Rather than building replication, stick to your chosen database & build administration tools and UI. Replication is complex & difficult, admin tools hopefully less so.
If you can't get the data out at least in CSV for reporting, maybe reconsider choice of DB.
I've been using MongoDB for about a year now, however not nearly up to its potential.
I've been developing new software, out of anyone's eyes except my own, and I've enjoyed the flexibility of the database to its fullest and I've made major structural changes to data on the fly.
Now I'm at a point where I have production server(s) and 3 development servers, I'm having a real problem with changing data structures and syncing them up.
Theoretically the development servers should always have the most current data from production. In a structured database, if I rename something, I can just run a compare tool and do the corresponding change in production after a pull. In MongoDB, this can become incredibly difficult.. there could be hundreds of changes from document to document, much less from database to database.
I've been reviewing my ~/.dbshell file to kinda get the feel of changes I've made, but what about changes made within the program its self? Configuration database changes?
Are there tools or procedures that are around to make this easier?
I've spent hours on Google researching how others do it. I came across Mongeez, but it's more manual and tedious than I need. In the past, I just do a mongodump and mongorestore inside of a git directory to transport data, but these snapshots are too rigid. I read a few blog posts regarding moving new data from production to development, but nothing about updating development documents in production. I could write a comparison script, but I feel like this is reinventing the wheel. There has to be a better way.
TL;DR: What are some ways to version NoSQL data, new entries and changed data, between environments?
I had a similar problem/experience while managing a few production Mongo machines for about a year.
Two quick pieces of advice:
WiredPrairie is right. Version your documents and that will allow you to migrate in a casual/relaxed manner. I wish we had done that up front. One of my biggest regrets.
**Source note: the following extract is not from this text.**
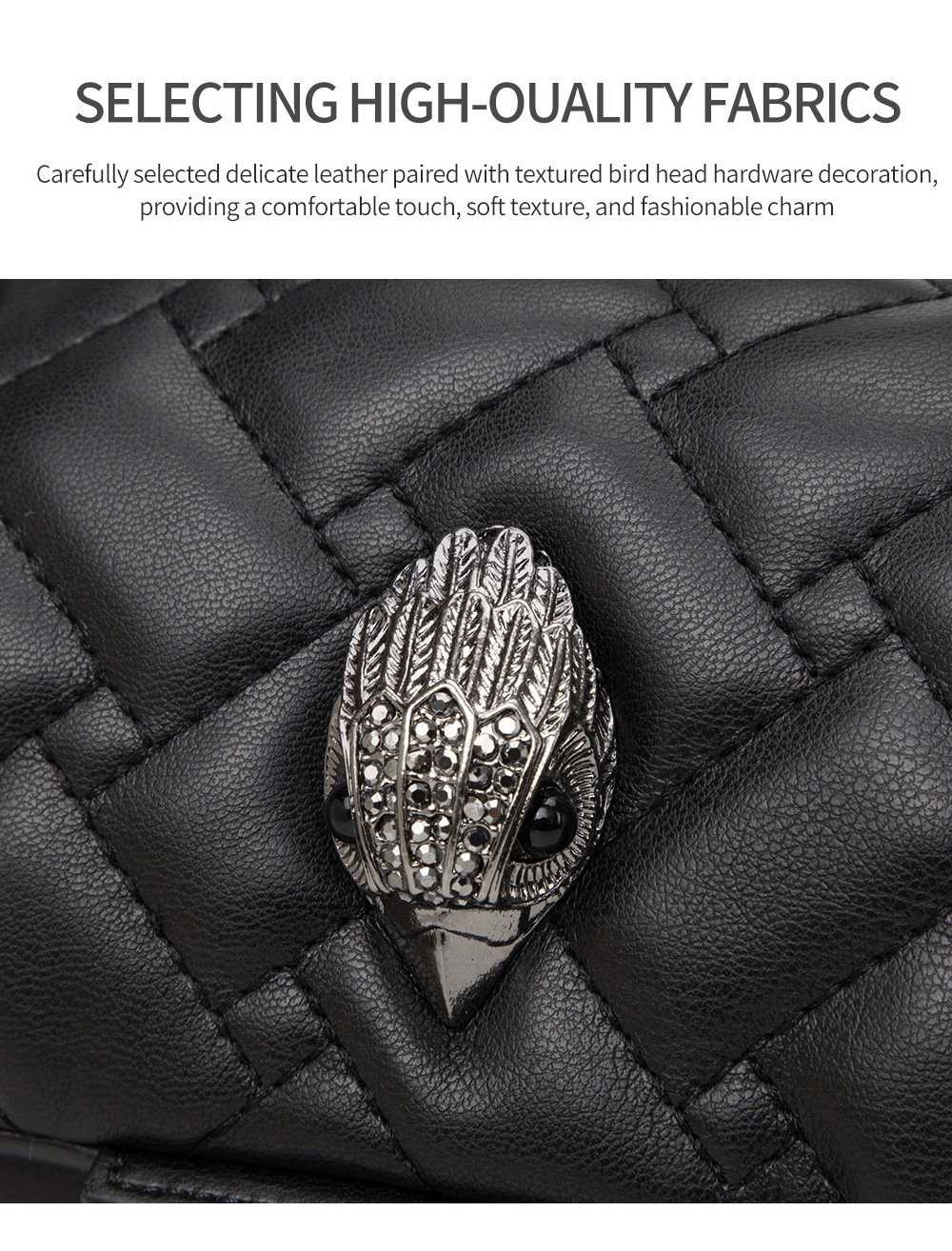 This elegant quilted leather chain bag features a sophisticated design with a distinctive bird head clasp, making it suitable for various occasions. Crafted from high-quality materials, it combines style and practicality with a spacious interior and organized compartments.

We used Groovy to connect and do our schema/data changes and I loved it. The language is easy to learn and it works great with JSON. My practice was to back up the collections I'd be operating on, write the scripts in dev, run them and if I messed up, restore the backed up collections. Iterate until I got the scripts perfect and then repeat in production.
I keep a content revision history for a certain content type. It's stored in MongoDB. But since the data is not frequently accessed I don't really need it there, taking up memory. I'd put it in a slower hard disk database.
Which database should I put it in? I'm looking for something that's really cheap and with cloud hosting available. And I don't need speed. I'm looking at SimpleDB, but it doesn't seem very popular. rdbms doesn't seem easy enough to handle since my data is structured into documents. What are my options?
Thanks
Depends on how often you want to look at this old data:
Why don't you mongodump it to your local disk and mongorestore when you want it back.
Documentation here
OR
Setup a local mongo instance and clone the database using the information here
Based on your questions and comments, you might not find the perfect solution. You want free or dirt cheap storage, and you want to have your data available online.
There is only one solution I can see feasible:
Stick with MongoDB. SimpleDB does not allow you to store documents, only key-value pairs.
You could create a separate collection for your history. Use a cloud service that gives you a free tier. For example, http://MongoLab.com gives you 240Mb free tier.
If you exceed the free tier, you can look at discarding the oldest data, moving it to offline storage, or start paying for what you are using.
If you data grows a lot you will have to make the decision whether to pay for it, keep it available online or offline, or discard it.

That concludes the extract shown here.